Open Assistant - The open source ChatGPT

February 05, 2023

Introduction

The idea of OpenAssistant is to be a chat-based assistant that can perform a wide range of tasks, interact with external systems, and retrieve information dynamically. It is designed as a free, open-source software that is easy to extend and personalize. It’s goal is to give everyone access to LLMs that can revolutionize the way we use language and improve the world. Similar to how StabilityAI/CompVis open-sourced the technology behing prompt based diffusion models using StableDiffusion, taking it away from DALL-E; OpenAssistant intends to do the same with ChatGPT.

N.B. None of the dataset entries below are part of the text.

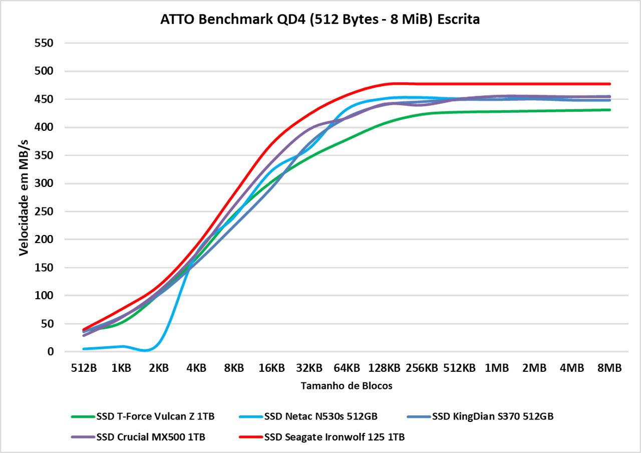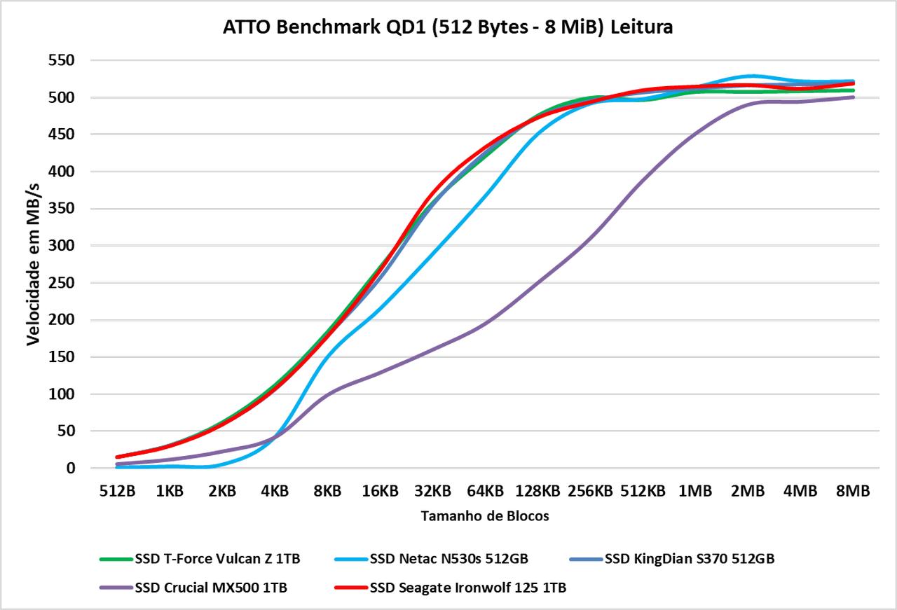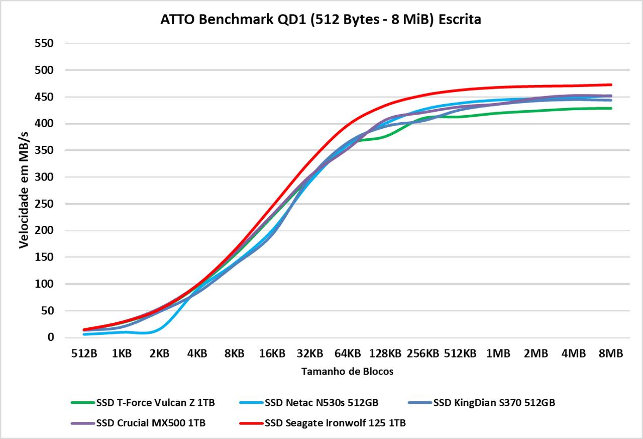 O ATTO disk benchmark é um software que faz um teste de velocidade sequencial com arquivos comprimidos, ou seja, para uma simulação em uma carga de transferência de dados como no Windows, geralmente vemos algo em torno dos blocos de 128KB à 1 MiB, vemos que eu em sua escrita, ele acaba se saindo a frente de todos os demais SSDs SATs, apenas em sua leitura que ficou semelhante aos demais.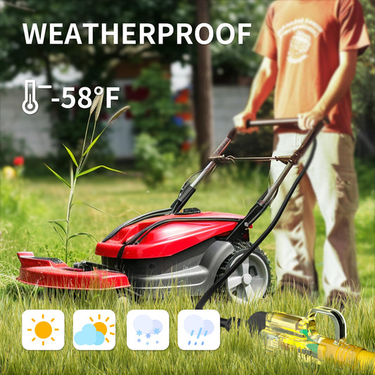 POWGRN 100 ft 12/3 Outdoor Extension Cord Waterproof Heavy Duty with Lighted Indicator End 12 Gauge 3 Prong, Flexible Cold-Resistant Long Power Cord Outside, 15Amp 1875W SJTW Yellow ETL Listed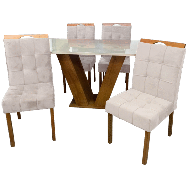 Mesa Classic 120 Cinamomo/Off White com 4 Cadeiras Sophia Mel/Veludo Bege – CEL MÓVEIS + WM DECOR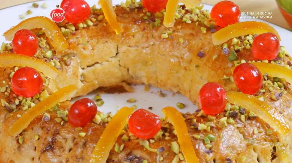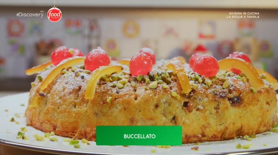 buccellatoNelle nuove puntate della serie di Food Network Giusina in cucina, dedicata alla cucina siciliana preparata in maniera semplice, ‘casalinga‘, in onda sabato 11 dicembre, alle 15:45, sul canale 33, Giusina Battaglia, giornalista ed appassionata di cucina, ha preparato un menu squisitamente siciliano, rivelando la ‘sua‘ ricetta del buccellato. Trovate le ricette di Giusina nel suo libro, da poco in libreria, e sul suo sito, giusinaincucina.com. Di seguito gli ingredienti necessari ed il procedimento.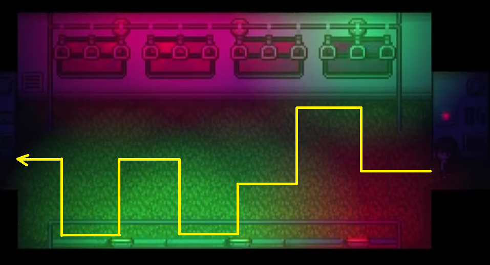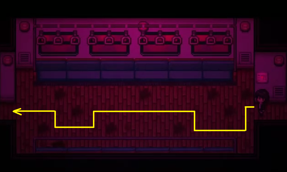 The hint from the previous carriage was to follow the green lights. Just be sure to sprint, as Yamada will enter the room.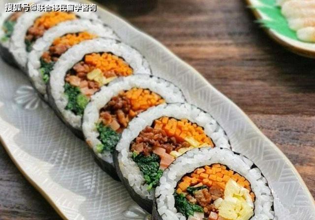 在紫菜上放上一层米饭后加入胡萝卜等其他材料后卷好,做起来简单,吃起来方便,很受欢迎,拥有多种口味。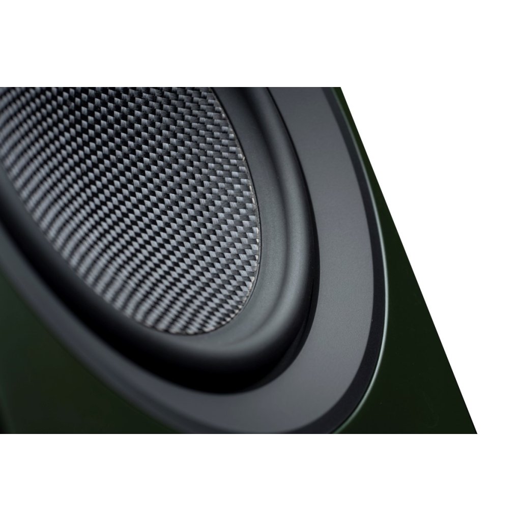 High-End materiály: Použití 5" basového měniče z uhlíkových a skelných vláken je v této cenové kategorii raritou. Zajišťuje extrémní tuhost a lehkost membrány pro rychlé a přesné basy bez zkreslení.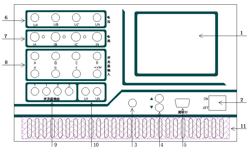 9.開關量空接點輸出,2路。空接點容量:DC:220V/0.2A; AC:220V/0.5A
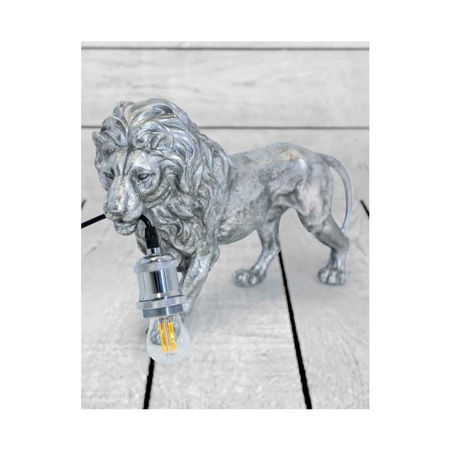 A beautiful detailed silver coloured lamp in a prowling lion shape. The light fitting is perched in the lions mouth creating an interesting piece.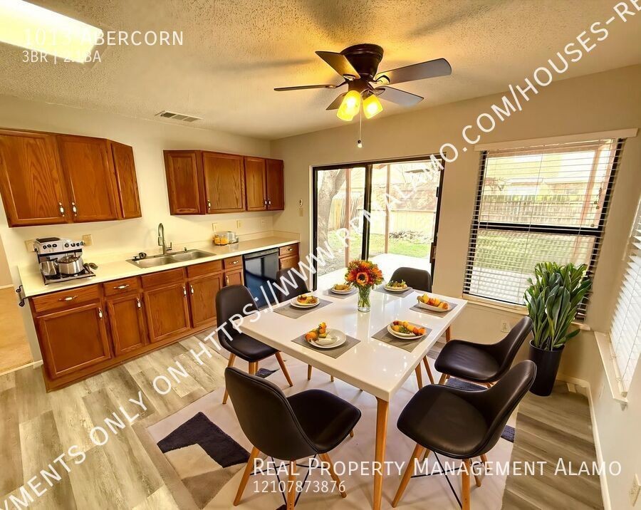This inviting property offers a spacious layout with modern conveniences and cozy touches throughout. The living area features a warm fireplace, great for relaxing evenings. A large pantry and well-equipped kitchen with a refrigerator, stove/oven, and dishwasher make meal prep effortless. Ceiling fans and central air/heat provide year-round comfort. Step outside to a covered back porch overlooking the fenced backyard, ideal for outdoor gatherings. A storage shed offers extra space for tools or hobbies. Washer/dryer connections and a two-car garage add to the home's convenience. Located in a desirable area, this home blends comfort, functionality, and a great location. Don’t miss this opportunity! For more information, e-mail us at Lease@rpmalamo.com Thank you!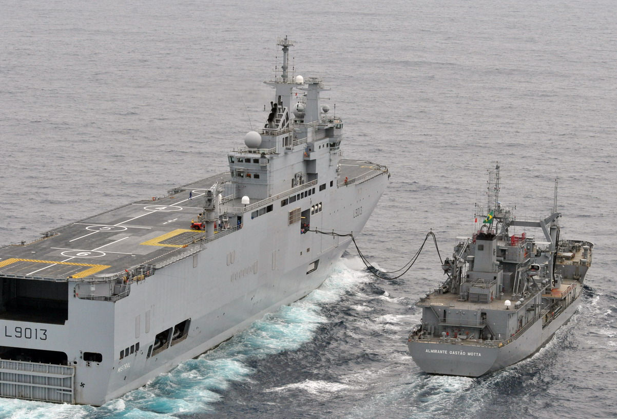 Voici des images d’un ravitaillement à la mer (RAM) au cours duquel un pétrolier de la marine brésilienne, le Gastão Motta, transfert du combustible au bâtiment de projection et de commandement (BPC) Mistral, de la Marine Nationale.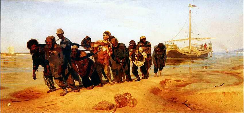 Увиденные молодым Репиным в 1869 бурлаки, которые тащили неподъемную грузовую баржу, взволновали его душу. Эту тему, уезжая на Волгу, художник разрабатывал в течение ряда лет. Запечатленное угнетение бедных являло собой призыв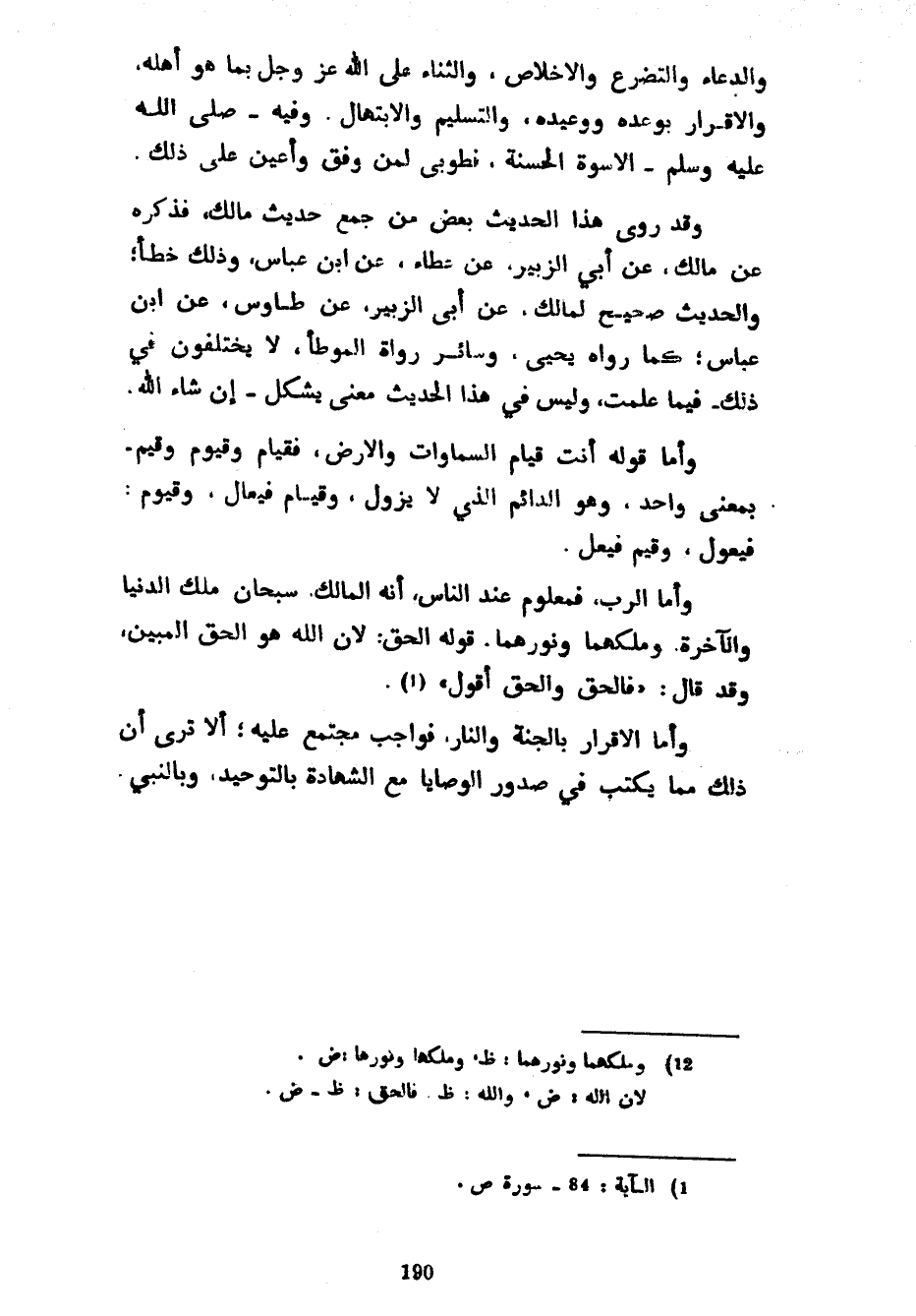 وَالدُّعَاءِ وَالتَّضَرُّعِ وَالْإِخْلَاصِ وَالثَّنَاءِ عَلَى اللَّهِ عَزَّ وَجَلَّ بِمَا هُوَ أَهْلُهُ وَالْإِقْرَارِ بِوَعْدِهِ وَوَعِيدِهِ وَالتَّسْلِيمِ وَالِابْتِهَالِ وَفِيهِ صَلَّى اللَّهُ عَلَيْهِ وَسَلَّمَ الْأُسْوَةُ الْحَسَنَةُ فَطُوبَى لِمَنْ وُفِّقَ وَأُعِينَ عَلَى ذَلِكَ وَقَدْ رَوَى هَذَا الْحَدِيثَ بَعْضُ مَنْ جَمَعَ حَدِيثَ مَالِكٍ فَذَكَرَهُ عَنْ مَالِكٌ عَنْ أَبِي الزُّبَيْرِ عَنْ عَطَاءٍ عَنِ ابْنِ عَبَّاسٍ وَذَلِكَ خَطَأٌ وَالْحَدِيثُ صَحِيحٌ لِمَالِكٍ عَنْ أَبِي الزُّبَيْرِ عَنْ طَاوُسٍ عَنِ ابْنِ عَبَّاسٍ كَمَا رَوَاهُ يَحْيَى وَسَائِرُ رُوَاةِ الْمُوَطَّأِ لَا يَخْتَلِفُونَ فِي ذَلِكَ فِيمَا عَلِمْتُ وَلَيْسَ فِي هَذَا الْحَدِيثِ مَعْنًى يُشْكَلُ إِنْ شَاءَ اللَّهُ وَأَمَّا قَوْلُهُ أَنْتَ قَيَّامُ السَّمَاوَاتِ وَالْأَرْضِ فَقَيَّامُ وَقَيُّومُ وَقَيِّمُ بِمَعْنًى وَاحِدٍ وَهُوَ الدَّائِمُ الَّذِي لَا يَزُولُ وَقَيَّامُ فَيْعَالُ وَقَيُّومُ فَيْعُولُ وَقَيِّمُ فَيْعِلُ وَأَمَّا الرَّبُّ فَمَعْلُومٌ عِنْدَ النَّاسِ أَنَّهُ الْمَالِكُ سُبْحَانَ مَلِكِ الدُّنْيَا وَالْآخِرَةِ وَمَلِكِهِمَا وَنُورِهِمَا قَوْلُهُ الْحَقُّ لِأَنَّ اللَّهَ هُوَ الْحَقُّ الْمُبِينُ وَقَدْ قَالَ فَالْحَقُّ وَالْحَقَّ أَقُولُ وَأَمَّا الْإِقْرَارُ بِالْجَنَّةِ وَالنَّارِ فَوَاجِبٌ مُجْتَمَعٌ عَلَيْهِ أَلَا تَرَى أَنَّ ذَلِكَ مِمَّا يُكْتَبُ فِي صُدُورِ الْوَصَايَا مَعَ الشَّهَادَةِ بِالتَّوْحِيدِ وَبِالنَّبِيِّ

However, OpenAssistant aims to go beyond just replicating ChatGPT. The original team wants to build the assistant of the future, capable of performing meaningful work, using APIs, conducting dynamic research, and much more. OpenAssistant should be personalized and extendable by anyone and be small and efficient enough to run on consumer hardware. The project is open and accessible, and the team wants to build not only a great assistant but also make it available to the masses.

The Project

Though OA is still not out yet (heads up! You can visit their project to keep up to date with the latest news: https://github.com/LAION-AI/Open-Assistant), thier current aim is to quickly launch an MVP following the InstructGPT paper. The process involves:

  1. Collection of high-quality human-generated Instruction-Fulfillment samples (prompts and responses). The project will use a crowdsourced process to collect and review the prompts, and a leaderboard will be created to motivate the community and show progress.
  2. Sampling of multiple completions for each prompt. The completions will be shown randomly to users, who will rank them from best to worst. The ranking data will be used to train a reward model.
  3. RLHF training phase based on the prompts and reward model.

InstructGPT.jpg

Supervised fine tuning on human demonstration data:

As seen from the above diagram, first, data needs to be collected showing demonstrations of assistant interactions. InstructGPT for example has 13,000 of these demonstrations, and the OA team estimates that about 50,000 demonstrations would suffice for the MVP. A demonstration can be described as a conversation thread between OA and a human prompter. Using the OA website, prompters are given a random task, either to act as the user or act as the assistant. This means that via a crowdsource effort, conversation threads on various topics can be collected. Moreover, it is also possible to use pseudo-data, for example from a QA dataset before the real data is collected. This is because human generated data will always beat pseudo data, obviously until we reach AGI or LLMs are capable of producting human level creativity. Additionally, it is also possible to create prompt data from websites like Quora, StackOverFlow, and Reddit, though there needs to be some form of safety to avoid biases.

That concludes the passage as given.